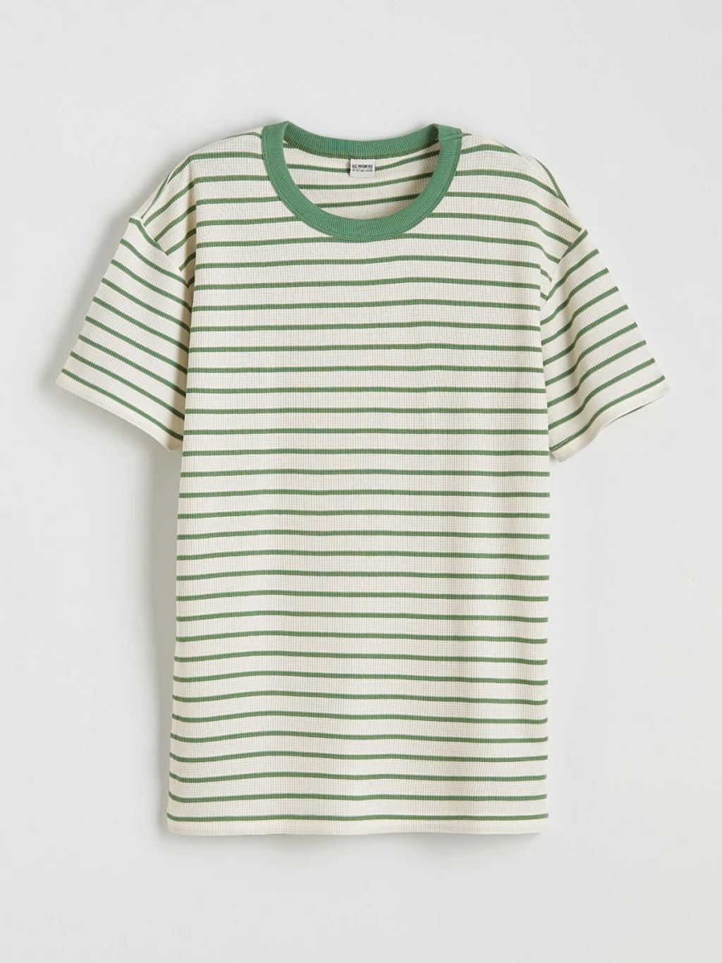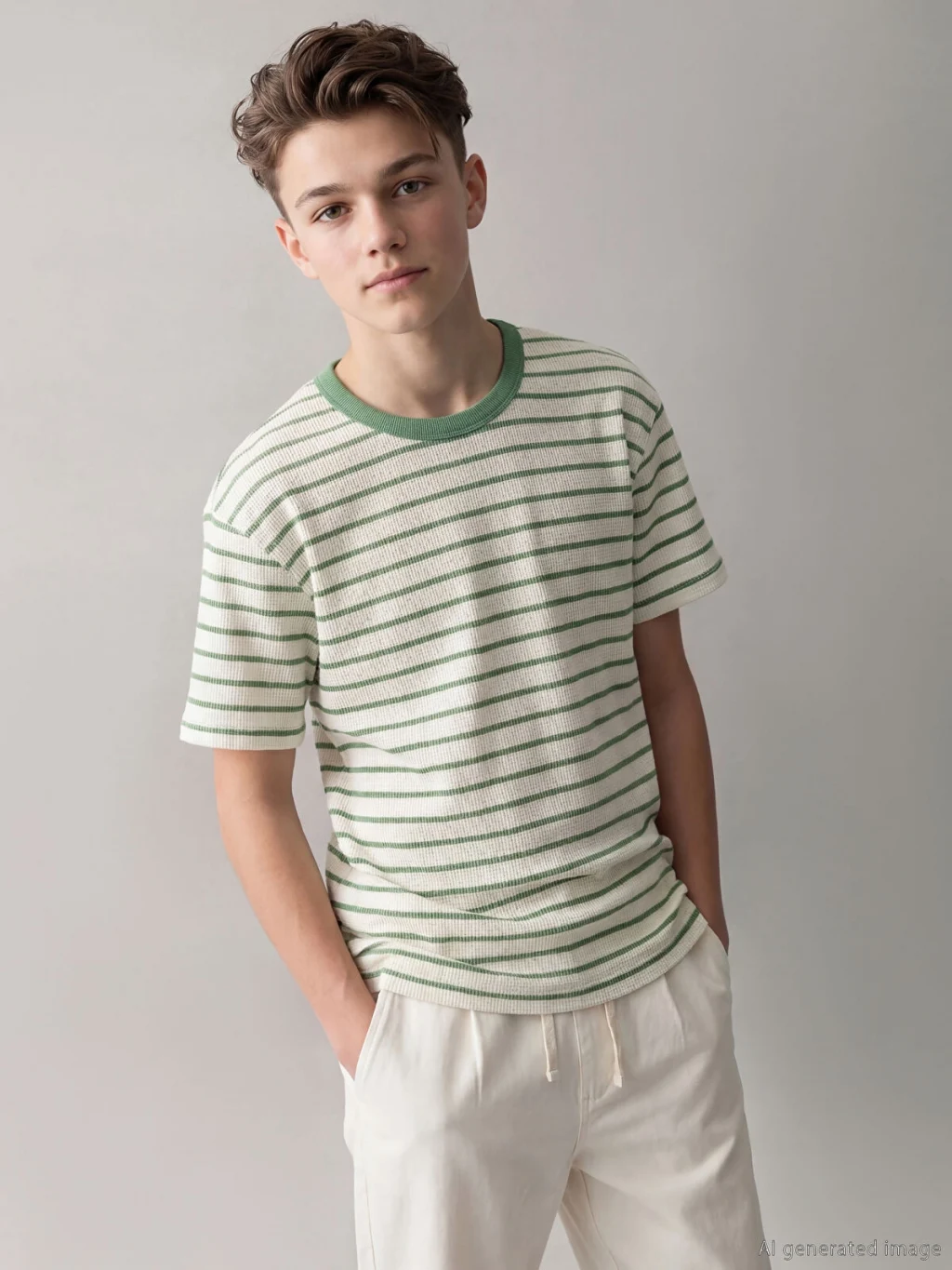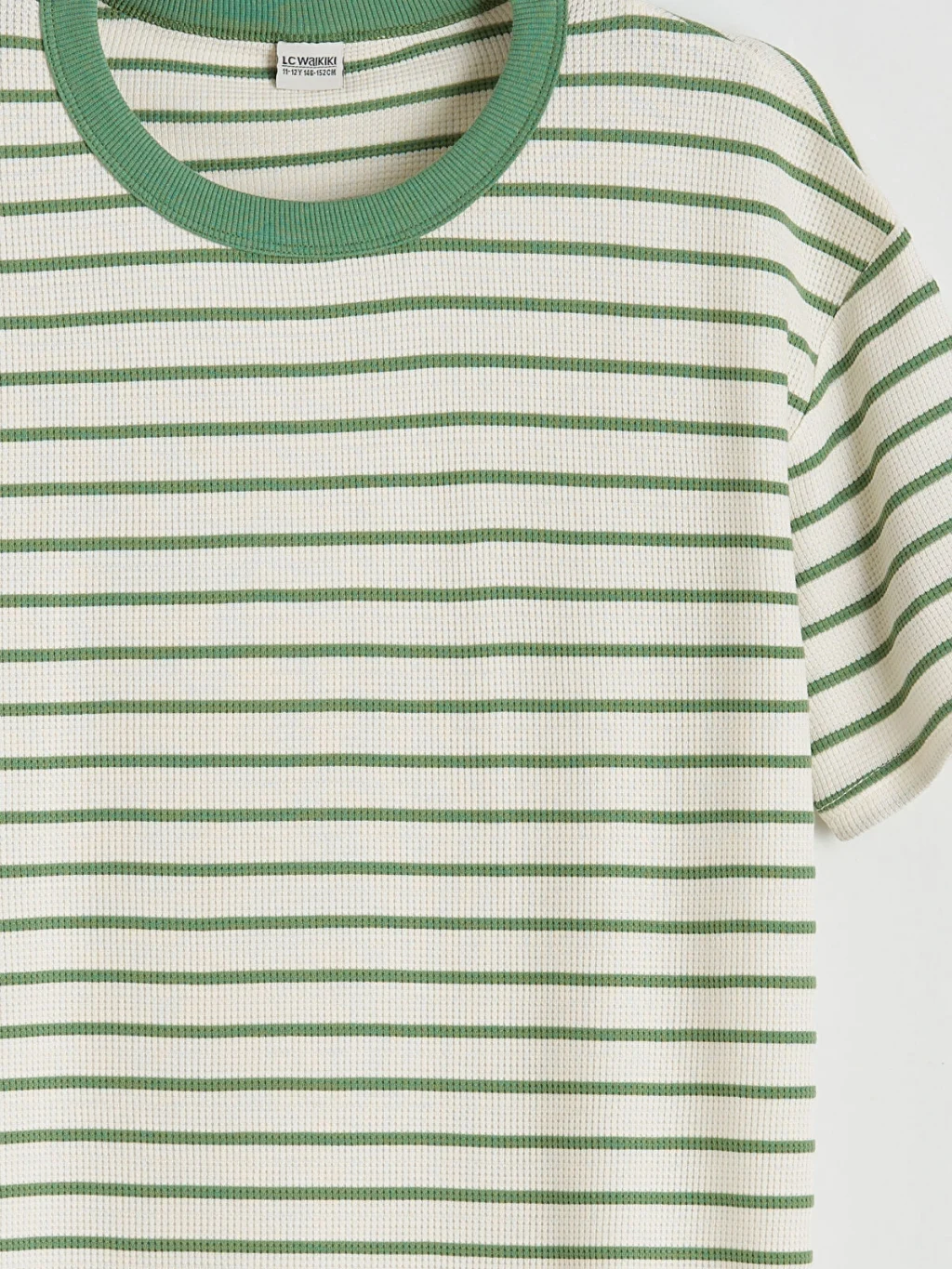 Bisiklet yaka ve kısa kollu erkek çocuk tişört, standart kalıptır. Çizgili desenli waffle kumaştan üretilmiştir ve %100 Pamuk içeriğe sahiptir.
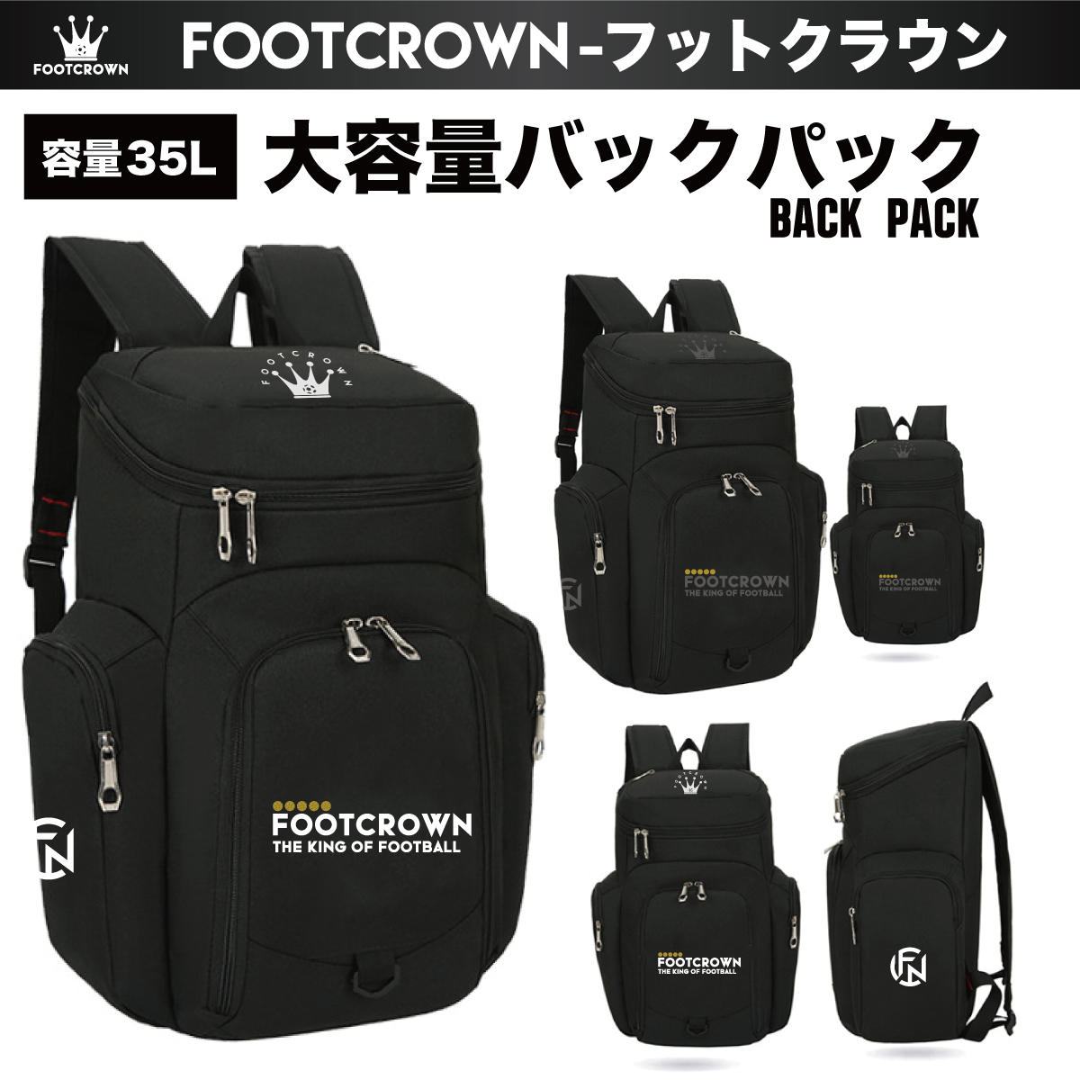 フットクラウンのバックパックは、サッカー・フットサルシーンをはじめ日常使いにもフィットする多機能バッグです。
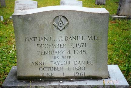 NATHANIEL C. DANIEL, M.D. DECEMBER 7, 1871 FEBRUARY 4, 1945 HIS WIFE ANNIE TAYLOR DANIEL OCTOBER 1, 1880 JUNE 1, 1961 Nathaniel C. Daniel, M.D. was the son of George Bullock Daniel and Fannie Crichton |
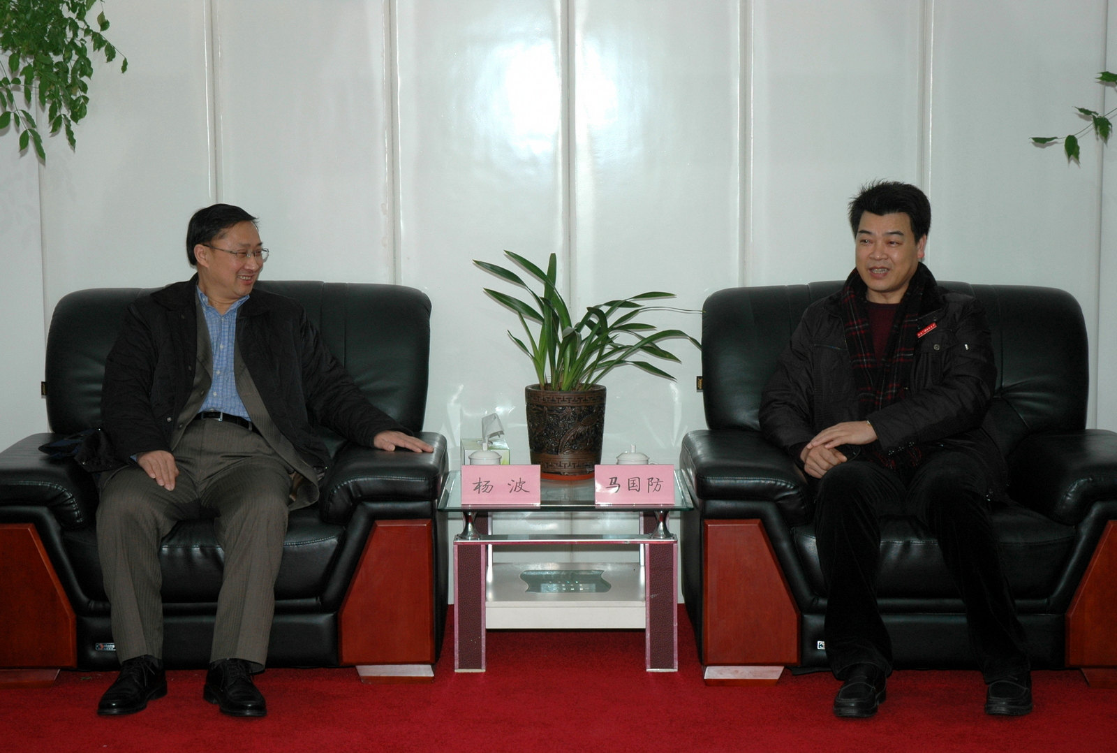福建电大党委书记马国防(右)与四川电大副校长杨波(左)

#####

[What you should do]: The line with "フットクラウンのバックパック" and each line after it, through the final line of the data, are to be duplicated exactly, with pictures left out and nothing more included.

[Reply to the task]:
 フットクラウンのバックパックは、サッカー・フットサルシーンをはじめ日常使いにもフィットする多機能バッグです。
 NATHANIEL C. DANIEL, M.D. DECEMBER 7, 1871 FEBRUARY 4, 1945 HIS WIFE ANNIE TAYLOR DANIEL OCTOBER 1, 1880 JUNE 1, 1961 Nathaniel C. Daniel, M.D. was the son of George Bullock Daniel and Fannie Crichton |
福建电大党委书记马国防(右)与四川电大副校长杨波(左)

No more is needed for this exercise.